Better still, it increasingly affirms its performative dimension (Austin 1963; Searle
1963): in other terms, the place name has the capacity to produce social effects
depending of its use. Shifts in meaning, designation and use, and resemantizations
(Kristol 2002) are thus emphasized and worked on in context. Toponyms that refer
to banal places might become landmarks, names that evoke and travel, for example,
the names of battles (Paveau 2008) and ideological confrontations such as Larzac
(Gardy 1987), the precursor of the “Zones à Défendre6” such as Notre Dame des
Landes, or tourist landmarks such as Lascaux (Neotopo 2020), or of contemporary
popular songs such as “Penny Lane” (Gensane 2010; Neotopo 2014). These may be
references to landmarks or popular figures whose metonymization is reinforced by
associating several toponyms (Charbonneaux 2020). The case of Nelson Mandela is
again exemplary, as his name is often caught up in toponymic associations that
situate him within a specific pantheon (together with Martin Luther King, Mother
Teresa and Gandhi, more generally with the leaders of decolonization and/or the
civil rights struggle, or Nobel Peace Prize winners), or as an actor on the South
African scene (associated with Frederik de Klerk or, by contrast, with other anti-
apartheid fighters, or even with the name of Soweto, which is associated with the
struggle).
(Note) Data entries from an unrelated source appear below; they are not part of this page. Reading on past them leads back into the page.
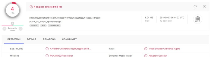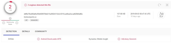 libcheckperlib_so (android.downloader.4076) и Data transfer.apk ( trojan.android.shedun)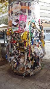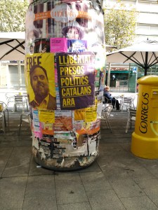Y es que alguien había enganchado carteles independentistas y otros los arrancaron en el pirulí de al lado. Metáfora de la división de la sociedad catalana. Corazón roto y desbordado por el dolor de una causa compleja, desbordada y desbordante.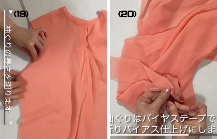 (19) 身頃のアームホールの長さを測ります。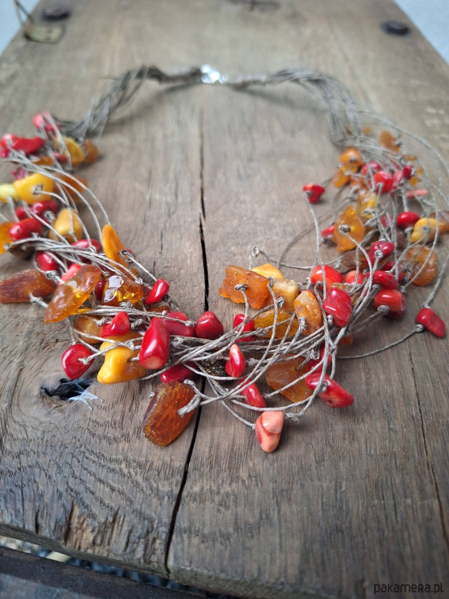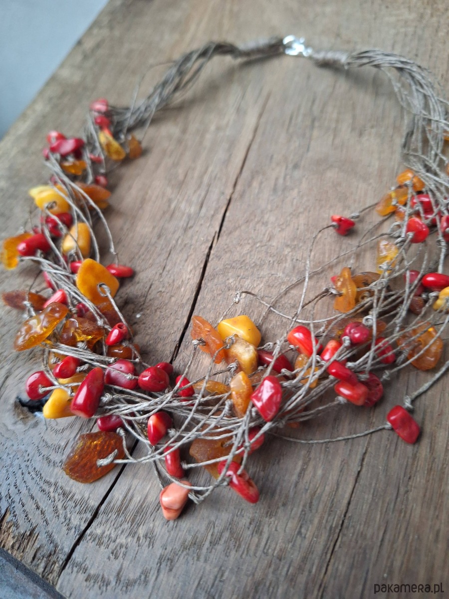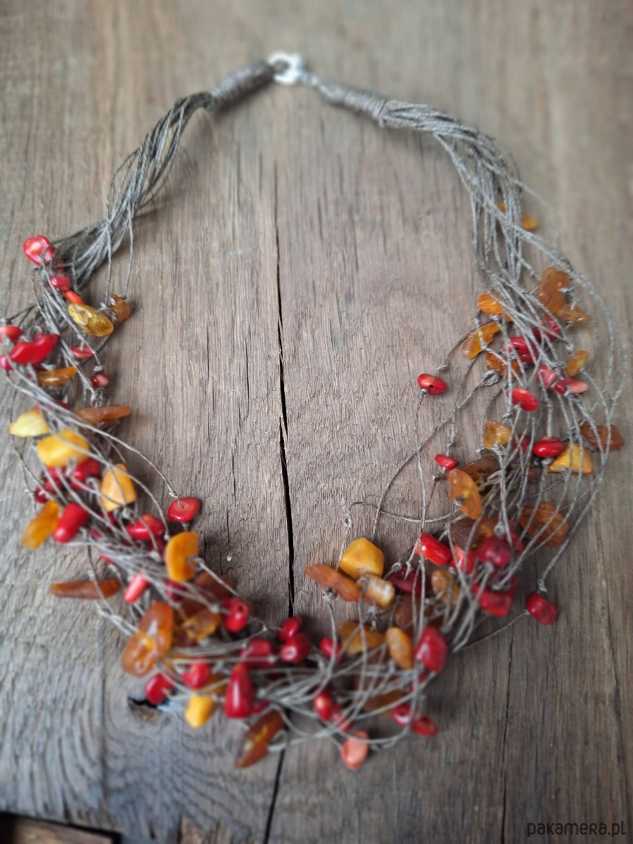 Nici lniane w kolorze zimistym z dodatkiem naturalnych bursztynów bałtyckich i czerwonego korala .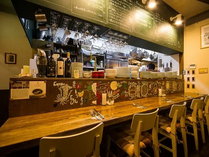 地下に構えたお店は、まるで隠れ家のよう。ブラウンを基調とした店内は、肩肘張らずにくつろげる空間になっています。カウンター席からは調理する様子を間近に眺められ、シェフとの会話も楽しめます。お一人様でも気兼ねなく過ごせる雰囲気なのもうれしいところ。ワインを片手にゆっくり過ごす、至福の時間が過ごせます。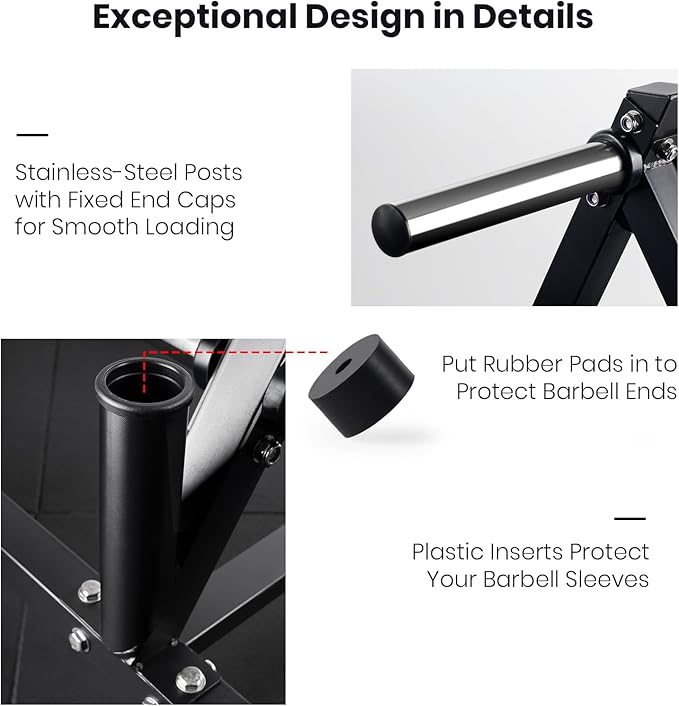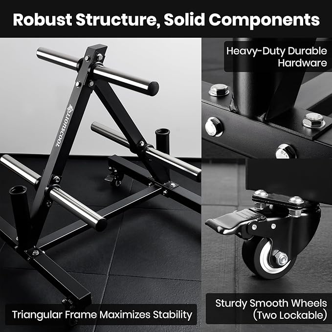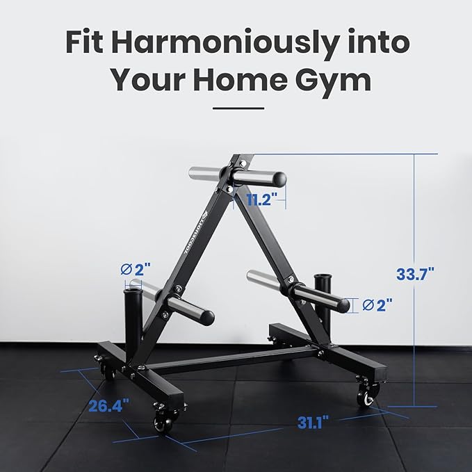 - Multipurpose, Sleek and Space Saving: The plate tree is equipped with two sturdy barbell holders to fit 2-inch barbells. Both have plastic inserts securely attached and rubber pads to put at the bottom to prevent your barbell sleeves from scratching. Each post measures 11.2”, long enough to hold 4x45lb bumper plates. The whole frame is matte black powder coated, rust resistant and visual appealing. The total size of the tree is 31.1”x26.4”x33.7” (with wheels) / 31.1”x26.4”x31” (no wheels).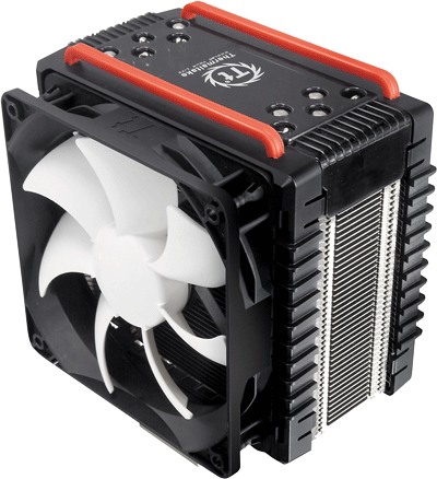 Основание из алюминия и меди, которое в Thermaltake Frio контактирует непосредственно с процессором, передает тепло на алюминиевый радиатор посредством пяти 8-мм тепловых трубок. Скорость вращения 120-мм вентилятора (или двух вентиляторов; один из них закреплен на радиаторном блоке изначально, второй входит в комплект и может быть установлен самим сборщиком) меняется в пределах 1200–2500 об/мин. При этом уровень шума – от 20 до 43 дБ, а максимальная величина прогоняемого через систему воздушного потока – 174 м3/ч.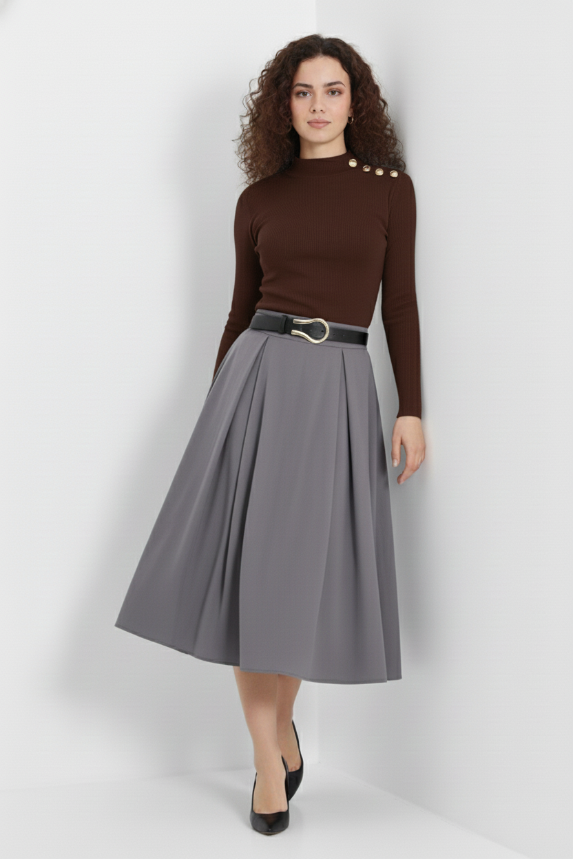 %95 pamuk içeriği ile cildinize nefes aldırırken, %5 likra oranı sayesinde esnek bir form sunar. Fitilli örme kumaşıyla vücut hatlarını nazikçe sarar, slim kalıbı sayesinde zarif bir siluet oluşturur.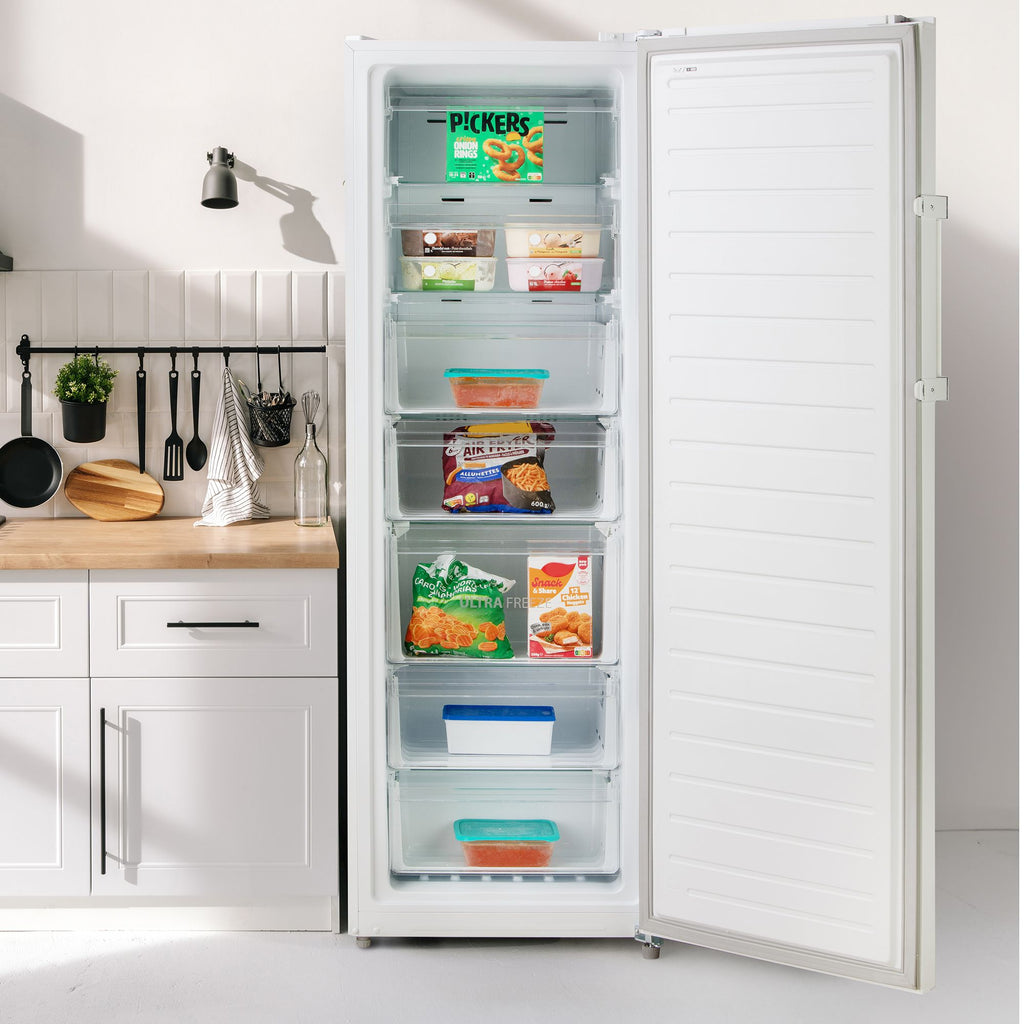 Mit seinem grosszügigen Nutzinhalt von 238 Litern bietet der DO91205F ausreichend Platz für Vorräte, während das automatische „NO FROST“-System für konstante Kühlleistung ohne Eisbildung sorgt. Der praktische Hebelgriff erleichtert das Öffnen, und die flexible Türmontage ermöglicht eine optimale Anpassung an jede Küche oder jeden Abstellraum. Dank der Super-Freeze- und Super-Cool-Funktion werden Lebensmittel besonders schnell heruntergekühlt oder eingefroren, während der Tür-offen-Alarm zusätzliche Sicherheit bietet. Besonders praktisch ist die Doppel-Funktion: Der Gefrierschrank lässt sich flexibel auf Temperaturen zwischen –24 und +8 °C einstellen und kann so auch als Kühlschrank genutzt werden – ideal für wechselnde Bedürfnisse. Mit leisem Betrieb, energieeffizientem Inverter-Kompressor und klarer Aufteilung durch Schubladen und Fächer ist der DO91205F die perfekte Lösung für zuverlässige Lagerung und maximale Flexibilität.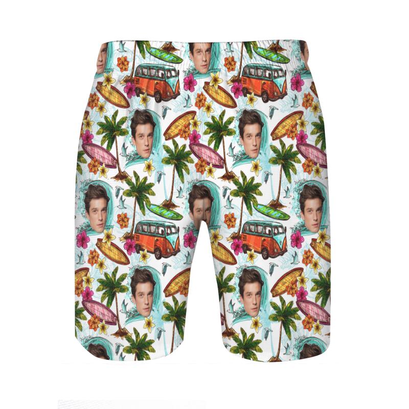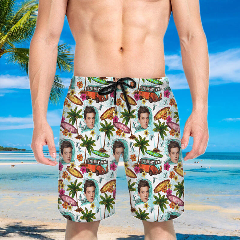 Personalized Picture Men's Beach Shorts with Tour Bus Pattern Best Gift for Friend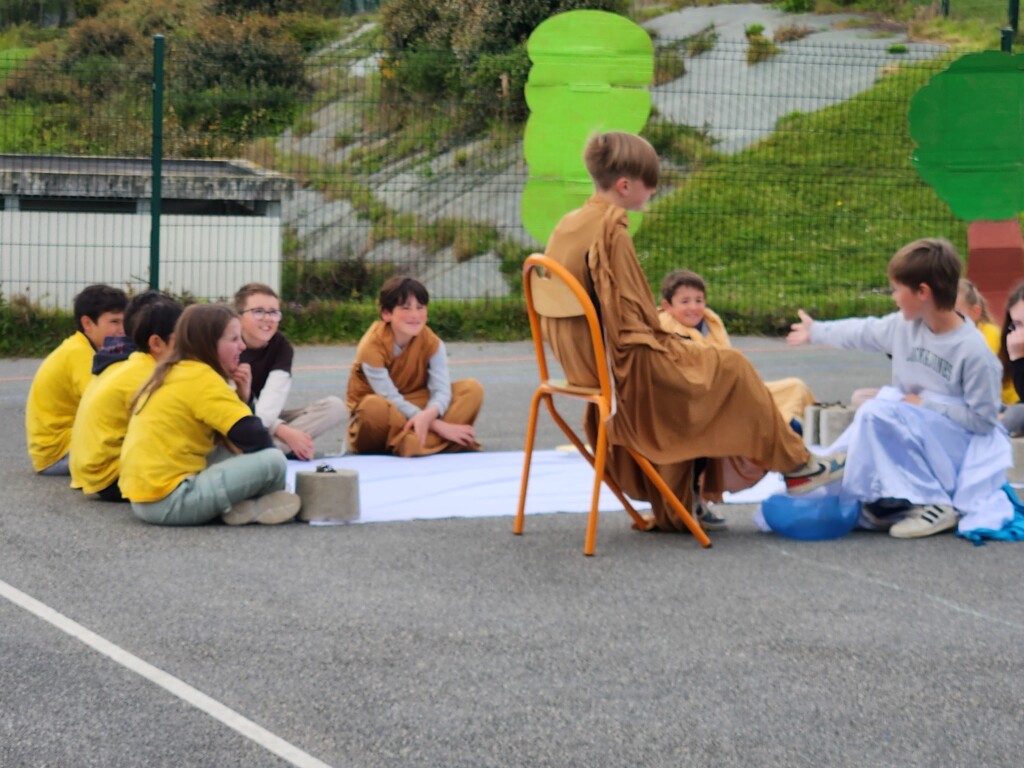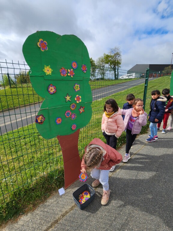 Jeudi matin, tous les élèves ont vécu un temps fort sur la semaine Sainte. Ce temps de partage a commencé par la lecture de la Légende du colibri, histoire lue dans chacune des classes par des CM1-CM2. Cela a amené des échanges entre élèves et a permis de comprendre que même si pris isolément nos actes semblent dérisoires, c’est grâce à la somme de nos actions que les choses changent. Chacun a ensuite oeuvré à fabriquer sa fleur en papier. Toutes les fleurs ont été ensuite rassemblées et accrochées aux arbres de la cour pour les embellir. Ce temps fort s’est terminé par la mise en scène de la Semaine Sainte par des élèves de CM1-CM2.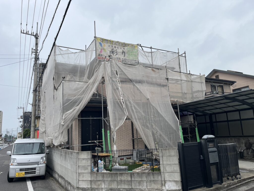 高松市内にて外壁塗装工事が着工しました。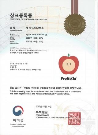 Fruit Kid 사과 상표등록증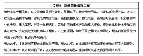 航空裝備。加快大型飛機研制,適時啟動寬體客機研制,鼓勵國際合作研制重型直升機;推進干支線飛機、直升機、無人機和通用飛機產業化。突破高推重比、先進渦槳(軸)發動機及大涵道比渦扇發動機技術,建立發動機自主發展工業體系。開發先進機載設備及系統,形成自主完整的航空產業鏈。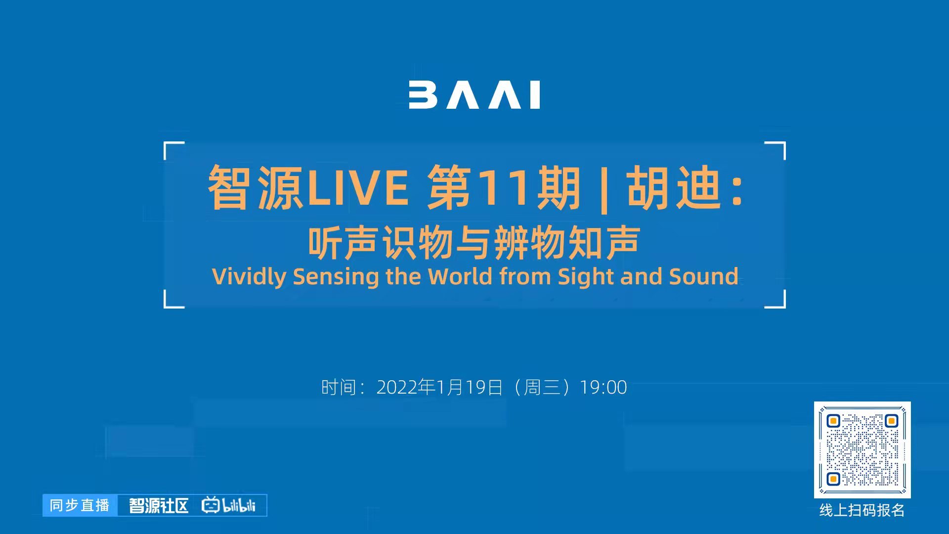 由智源社区举办的「智源LIVE 第11期 | 胡迪:听声识物与辨物知声」将于1月19日(周三)19:00-20:00举办,中国人民大学助理教授胡迪作主旨报告。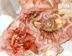 их некроз, поносы из-за поражения желудочно-кишечного тракта. На вскрытии, как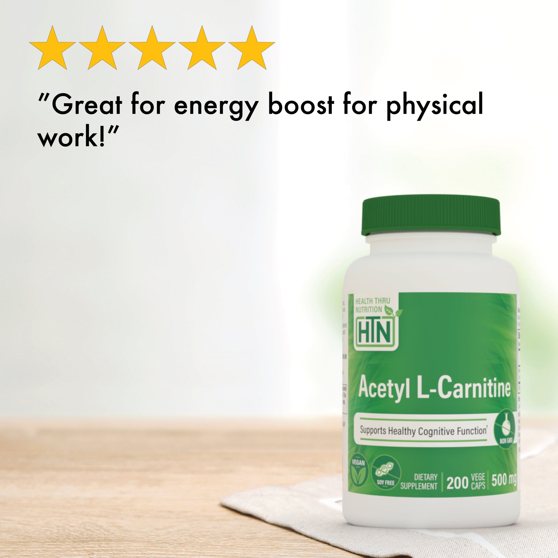 Health Thru Nutrition’s Acetyl L-Carnitine is a dietary supplement that provides 500 mg of Acetyl L-Carnitine per serving. Acetyl L-Carnitine is a naturally occurring amino acid derivative involved in the normal transport of fatty acids within cells, where they are utilized as a source of energy.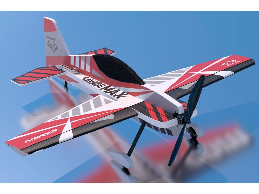 SAVAGE MAX je vysokovýkonný 3D akrobatický speciál kategorie park-fly z pěnového EPP určený pro pohon střídavými elektromotory o výkonu 350-500 W. Pár hodin s vteřinovým lepidlem v ruce stačí pro dokončení tohoto modelu schopného létat obraty klasické F3A sestavy, stejně jako viset na vrtuli a provádět všechny ostatní 3D kousky! Je určen i pro méně zkušené piloty; s menšími výchylkami s ním může létat každý, kdo má již aspoň nějakou praxi s akrobacií a je schopen spolehlivě létat s předcházejícím modelem přemet, souvrat a výkrut. Díky nízké hmotnosti modelu případné havárie v důsledku „zapletení rukou“ příliš nebolí – a EPP díly se tak snadno opravují!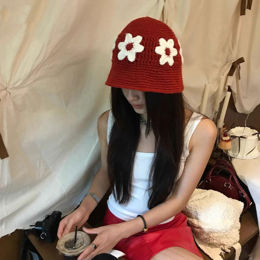 Korean Style Crochet Flower Knitted Hat Sweet Bucket Hat Cute Beanies Hat Girls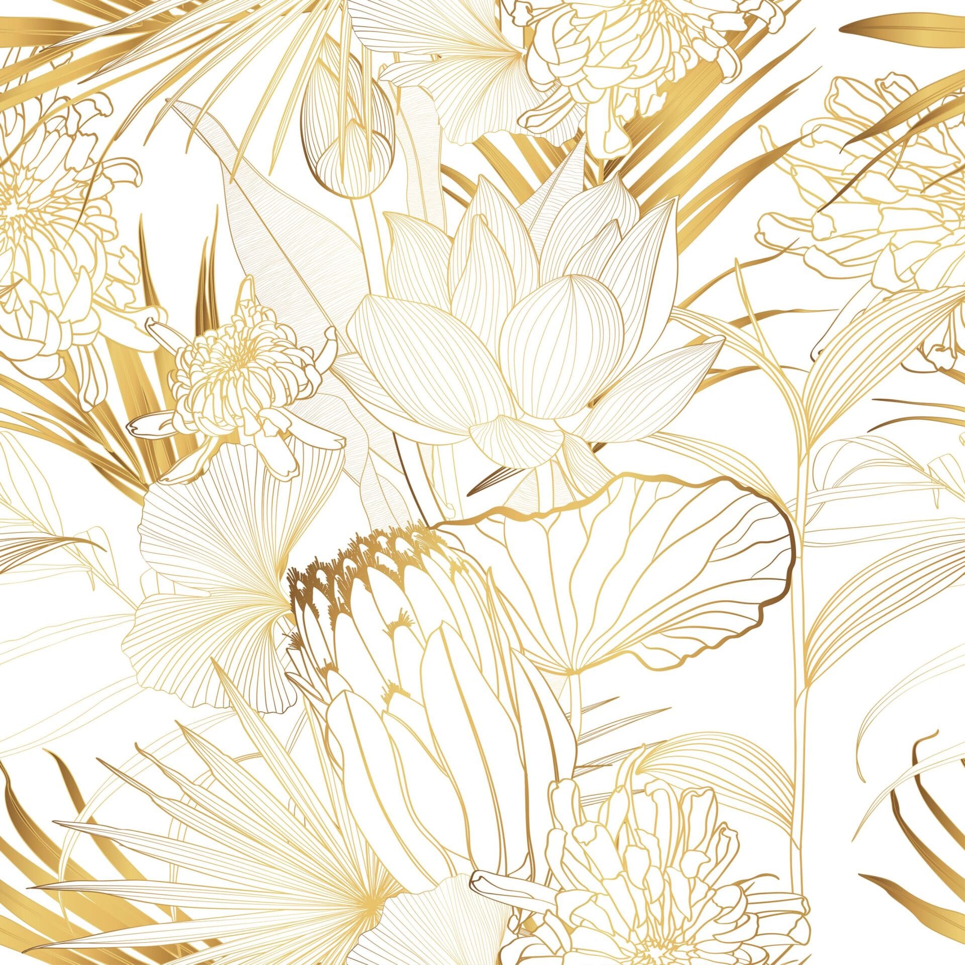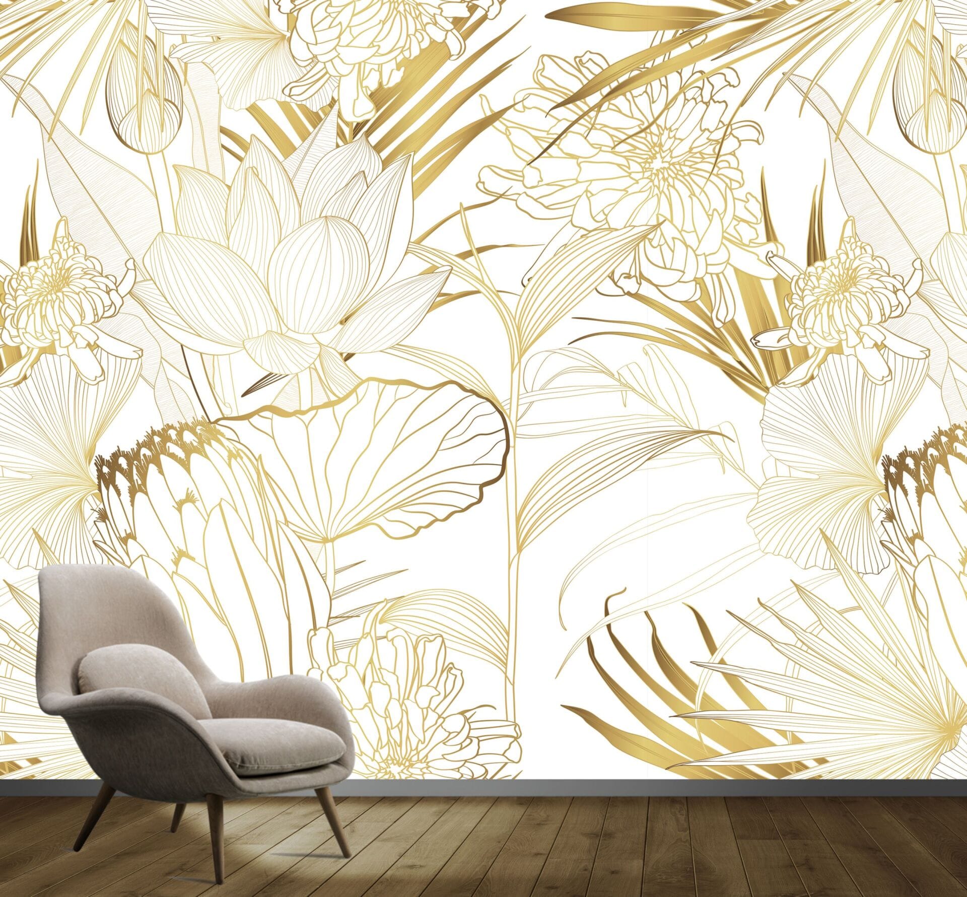 Bring the timeless elegance of nature into your home with our Gilded Botanicals 4D Mural Wallpaper. This exquisite design features delicate botanical illustrations, showcasing lush tropical foliage and elegant florals outlined in shimmering gold against a soft, neutral backdrop. The layered details create a captivating 4D effect, adding depth and a touch of luxury to your walls.

But mundane names and their negotiation are also a prime field for an
application of metapragmatics approaches that work on stakeholders’ skills of
analyzing the issues and effects of language (Karlander 2017).

6. Literally meaning “Zone to Defend”, it is a French neologism used to refer to a militant


occupation that is intended to physically impede a development project. By occupying the
land, activists aim to prevent the project from going ahead.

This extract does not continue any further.